DIRECTIONS FOR THIS TASK
Only the lines from the one holding "199 Halfpenny, 1825" through the end of the records below are to be reproduced exactly, and pictures are to be omitted.

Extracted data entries
┌────────
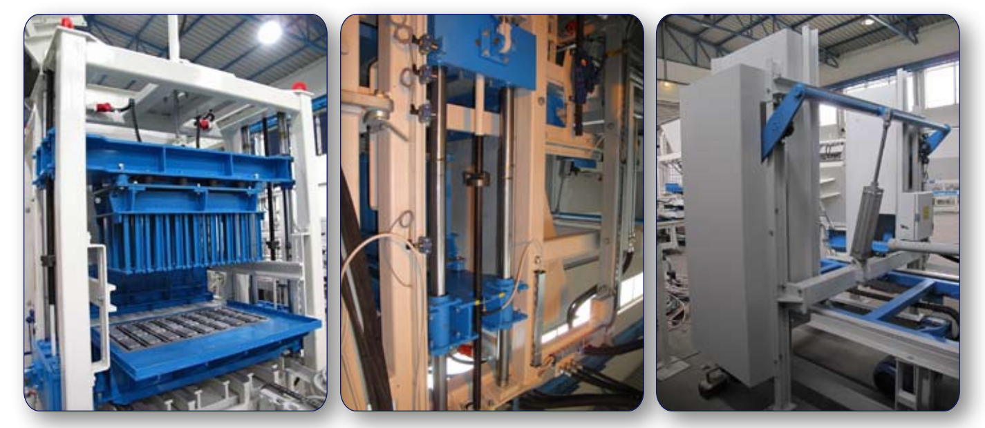
Tamper head bridge
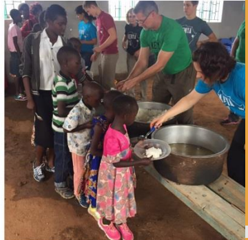
Team Kenya, January 2017
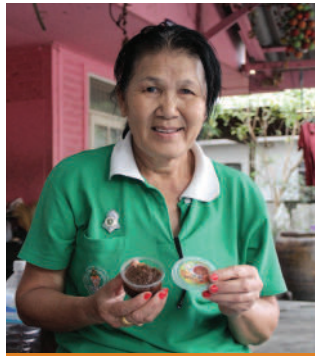
held two city dialogues on public bus service
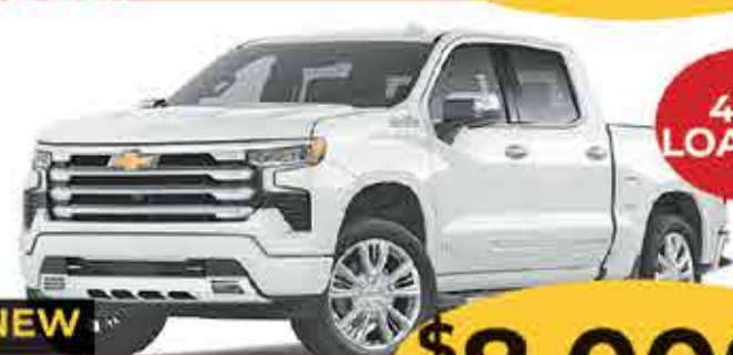
NEW 2024 CHEVROLET SILVERADO 1500 LT 4X4 LOADED $8,000 OFF
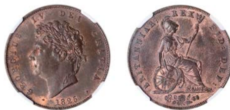
199 Halfpenny, 1825 (BMC 1431; S 3824). Extremely fine, a little original colour [slabbed NGC MS 64 RB]

Provenance: Heritage MBS 231739, 28 September 2017 (64223)
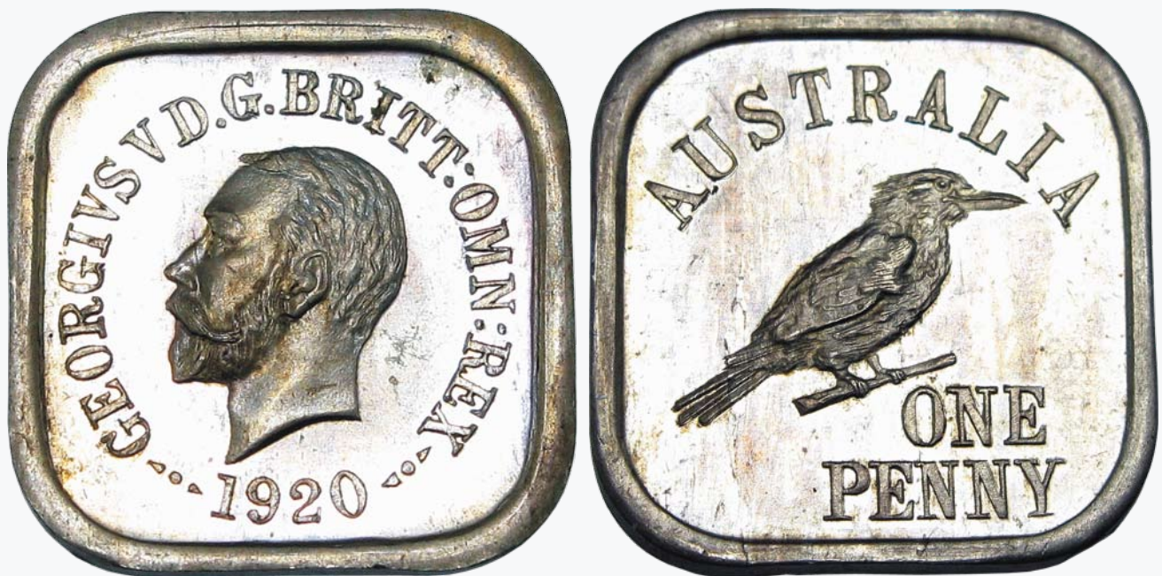
315 Kookaburra Penny 1919 Type 7. Lovely light old tone and mint bloom, an attractive example. An underrated type, and far rarer than the Type 3 or Type 6, with only a handful of examples known, with this coin the Type coin for the rare 1920 date issue. Very rare. FDC
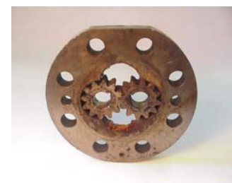
Gears fused to corroded case
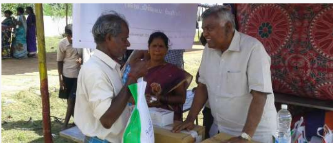
Trustees interacting with Beneficiary

In the aftermath of the December floods of 2015, we distributed a kit with 5kgs of Rice, 1 kg of dal and 5 soaps on 03rd Jan 2016 at Kezhar Kollai Village and on 9th Jan 2016 at Thenpattinam village. Totally 377 families benefited.
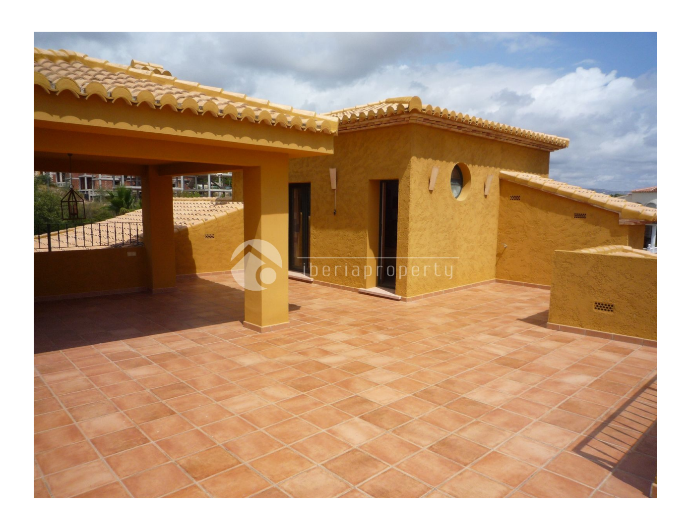
"OUR EXPERIENCE IS YOUR GUARANTEE"
└────────
TASK ANSWER
199 Halfpenny, 1825 (BMC 1431; S 3824). Extremely fine, a little original colour [slabbed NGC MS 64 RB]

Provenance: Heritage MBS 231739, 28 September 2017 (64223)
315 Kookaburra Penny 1919 Type 7. Lovely light old tone and mint bloom, an attractive example. An underrated type, and far rarer than the Type 3 or Type 6, with only a handful of examples known, with this coin the Type coin for the rare 1920 date issue. Very rare. FDC
Gears fused to corroded case
Trustees interacting with Beneficiary

In the aftermath of the December floods of 2015, we distributed a kit with 5kgs of Rice, 1 kg of dal and 5 soaps on 03rd Jan 2016 at Kezhar Kollai Village and on 9th Jan 2016 at Thenpattinam village. Totally 377 families benefited.
"OUR EXPERIENCE IS YOUR GUARANTEE"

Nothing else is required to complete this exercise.